## Entries provided
======

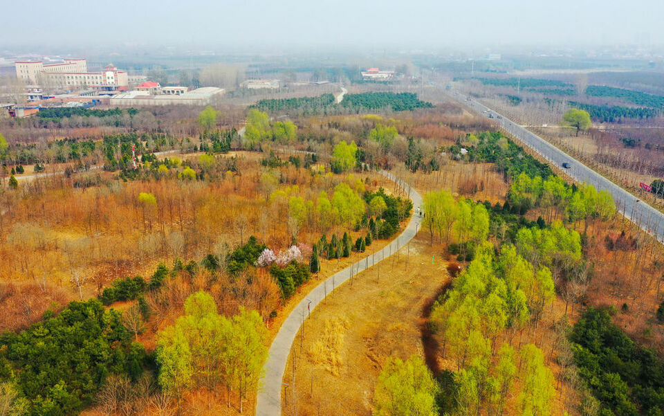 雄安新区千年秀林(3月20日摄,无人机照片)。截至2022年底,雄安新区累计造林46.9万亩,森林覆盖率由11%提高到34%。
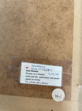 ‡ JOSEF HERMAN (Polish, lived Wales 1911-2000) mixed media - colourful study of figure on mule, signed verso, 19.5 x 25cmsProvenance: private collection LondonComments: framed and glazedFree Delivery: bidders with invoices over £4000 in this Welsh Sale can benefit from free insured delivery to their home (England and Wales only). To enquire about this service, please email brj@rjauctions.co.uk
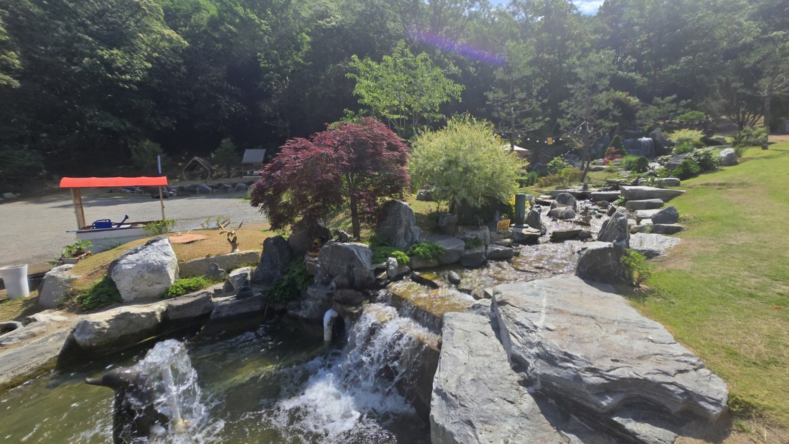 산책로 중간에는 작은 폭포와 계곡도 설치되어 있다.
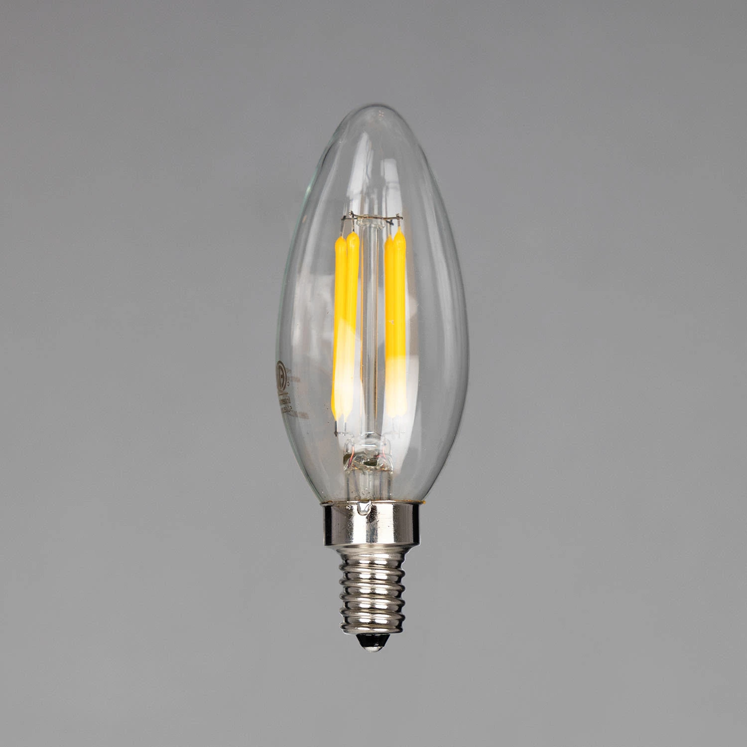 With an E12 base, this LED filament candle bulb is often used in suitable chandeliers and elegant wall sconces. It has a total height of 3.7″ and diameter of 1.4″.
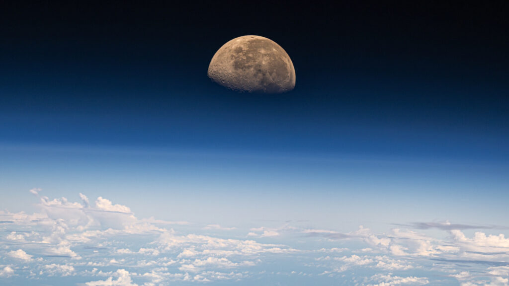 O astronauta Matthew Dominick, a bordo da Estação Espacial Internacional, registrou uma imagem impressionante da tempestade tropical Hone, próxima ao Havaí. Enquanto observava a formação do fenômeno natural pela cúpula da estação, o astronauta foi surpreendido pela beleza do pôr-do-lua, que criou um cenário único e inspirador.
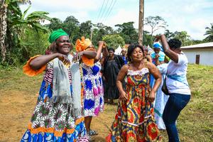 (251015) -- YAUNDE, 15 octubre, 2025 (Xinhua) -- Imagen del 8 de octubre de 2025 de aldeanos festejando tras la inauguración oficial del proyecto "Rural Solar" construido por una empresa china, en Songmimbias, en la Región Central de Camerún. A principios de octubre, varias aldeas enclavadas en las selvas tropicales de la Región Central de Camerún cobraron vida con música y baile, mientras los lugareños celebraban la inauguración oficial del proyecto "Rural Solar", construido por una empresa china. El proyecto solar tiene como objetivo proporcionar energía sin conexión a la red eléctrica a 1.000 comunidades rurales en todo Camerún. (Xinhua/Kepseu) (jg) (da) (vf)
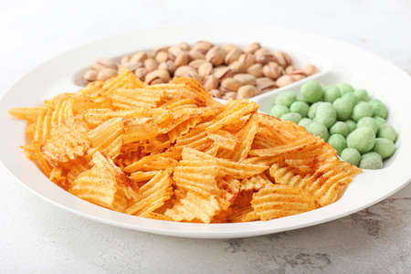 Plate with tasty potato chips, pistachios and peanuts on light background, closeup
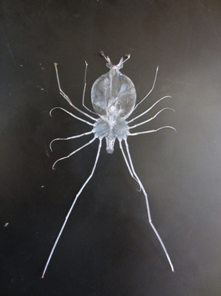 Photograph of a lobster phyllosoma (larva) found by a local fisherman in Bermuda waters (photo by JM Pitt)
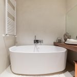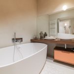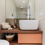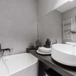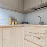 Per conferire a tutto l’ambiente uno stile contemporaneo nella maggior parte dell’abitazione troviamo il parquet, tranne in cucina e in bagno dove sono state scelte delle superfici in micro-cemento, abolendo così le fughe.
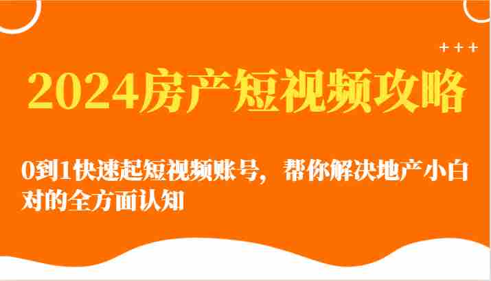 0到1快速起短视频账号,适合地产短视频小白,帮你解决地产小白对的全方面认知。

======

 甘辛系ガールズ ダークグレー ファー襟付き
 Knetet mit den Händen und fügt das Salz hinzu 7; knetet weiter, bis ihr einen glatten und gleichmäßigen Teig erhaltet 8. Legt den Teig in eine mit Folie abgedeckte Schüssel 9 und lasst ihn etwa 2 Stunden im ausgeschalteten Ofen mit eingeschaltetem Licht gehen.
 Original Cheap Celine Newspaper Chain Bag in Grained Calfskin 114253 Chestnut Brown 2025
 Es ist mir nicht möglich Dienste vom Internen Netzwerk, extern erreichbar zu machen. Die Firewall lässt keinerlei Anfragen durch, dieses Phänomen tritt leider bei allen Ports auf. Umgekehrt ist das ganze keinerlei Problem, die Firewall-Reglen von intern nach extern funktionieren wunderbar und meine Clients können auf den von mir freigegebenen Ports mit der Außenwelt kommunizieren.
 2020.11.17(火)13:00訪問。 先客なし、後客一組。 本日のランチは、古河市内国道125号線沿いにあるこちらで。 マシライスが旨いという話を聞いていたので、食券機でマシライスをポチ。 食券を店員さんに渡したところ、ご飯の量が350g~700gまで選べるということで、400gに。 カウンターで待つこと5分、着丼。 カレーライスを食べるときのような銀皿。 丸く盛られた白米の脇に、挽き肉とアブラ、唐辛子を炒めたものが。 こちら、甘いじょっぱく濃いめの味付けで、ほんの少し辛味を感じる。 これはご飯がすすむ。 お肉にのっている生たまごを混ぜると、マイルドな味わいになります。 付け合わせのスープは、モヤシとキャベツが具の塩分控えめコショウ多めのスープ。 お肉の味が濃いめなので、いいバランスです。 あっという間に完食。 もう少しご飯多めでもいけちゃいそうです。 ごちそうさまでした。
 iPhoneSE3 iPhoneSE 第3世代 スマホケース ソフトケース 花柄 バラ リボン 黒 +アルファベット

======

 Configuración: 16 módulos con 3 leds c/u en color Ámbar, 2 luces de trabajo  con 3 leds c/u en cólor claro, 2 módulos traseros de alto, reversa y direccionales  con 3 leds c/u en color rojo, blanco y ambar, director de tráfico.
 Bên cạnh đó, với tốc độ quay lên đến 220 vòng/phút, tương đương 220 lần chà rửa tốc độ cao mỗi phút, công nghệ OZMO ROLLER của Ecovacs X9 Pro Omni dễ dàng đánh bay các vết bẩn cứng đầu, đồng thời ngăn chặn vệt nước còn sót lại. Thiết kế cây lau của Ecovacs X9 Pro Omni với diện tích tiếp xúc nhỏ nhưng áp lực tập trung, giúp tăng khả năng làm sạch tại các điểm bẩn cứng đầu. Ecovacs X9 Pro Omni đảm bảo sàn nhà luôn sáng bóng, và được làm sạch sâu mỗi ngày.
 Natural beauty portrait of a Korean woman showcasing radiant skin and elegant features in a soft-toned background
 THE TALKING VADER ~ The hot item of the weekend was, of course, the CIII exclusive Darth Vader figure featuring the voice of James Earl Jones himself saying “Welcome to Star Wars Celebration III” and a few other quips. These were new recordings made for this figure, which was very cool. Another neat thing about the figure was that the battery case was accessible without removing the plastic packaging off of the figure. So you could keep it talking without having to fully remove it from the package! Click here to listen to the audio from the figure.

======

## What the task asks
Once you reach the line with "甘辛系ガールズ ダークグレー ファー襟付き" in the data above, copy it and every line after it exactly, up to and including the line with "iPhoneSE3 iPhoneSE 第3世代".

## Result of this task
 甘辛系ガールズ ダークグレー ファー襟付き
 Knetet mit den Händen und fügt das Salz hinzu 7; knetet weiter, bis ihr einen glatten und gleichmäßigen Teig erhaltet 8. Legt den Teig in eine mit Folie abgedeckte Schüssel 9 und lasst ihn etwa 2 Stunden im ausgeschalteten Ofen mit eingeschaltetem Licht gehen.
 Original Cheap Celine Newspaper Chain Bag in Grained Calfskin 114253 Chestnut Brown 2025
 Es ist mir nicht möglich Dienste vom Internen Netzwerk, extern erreichbar zu machen. Die Firewall lässt keinerlei Anfragen durch, dieses Phänomen tritt leider bei allen Ports auf. Umgekehrt ist das ganze keinerlei Problem, die Firewall-Reglen von intern nach extern funktionieren wunderbar und meine Clients können auf den von mir freigegebenen Ports mit der Außenwelt kommunizieren.
 2020.11.17(火)13:00訪問。 先客なし、後客一組。 本日のランチは、古河市内国道125号線沿いにあるこちらで。 マシライスが旨いという話を聞いていたので、食券機でマシライスをポチ。 食券を店員さんに渡したところ、ご飯の量が350g~700gまで選べるということで、400gに。 カウンターで待つこと5分、着丼。 カレーライスを食べるときのような銀皿。 丸く盛られた白米の脇に、挽き肉とアブラ、唐辛子を炒めたものが。 こちら、甘いじょっぱく濃いめの味付けで、ほんの少し辛味を感じる。 これはご飯がすすむ。 お肉にのっている生たまごを混ぜると、マイルドな味わいになります。 付け合わせのスープは、モヤシとキャベツが具の塩分控えめコショウ多めのスープ。 お肉の味が濃いめなので、いいバランスです。 あっという間に完食。 もう少しご飯多めでもいけちゃいそうです。 ごちそうさまでした。
 iPhoneSE3 iPhoneSE 第3世代 スマホケース ソフトケース 花柄 バラ リボン 黒 +アルファベット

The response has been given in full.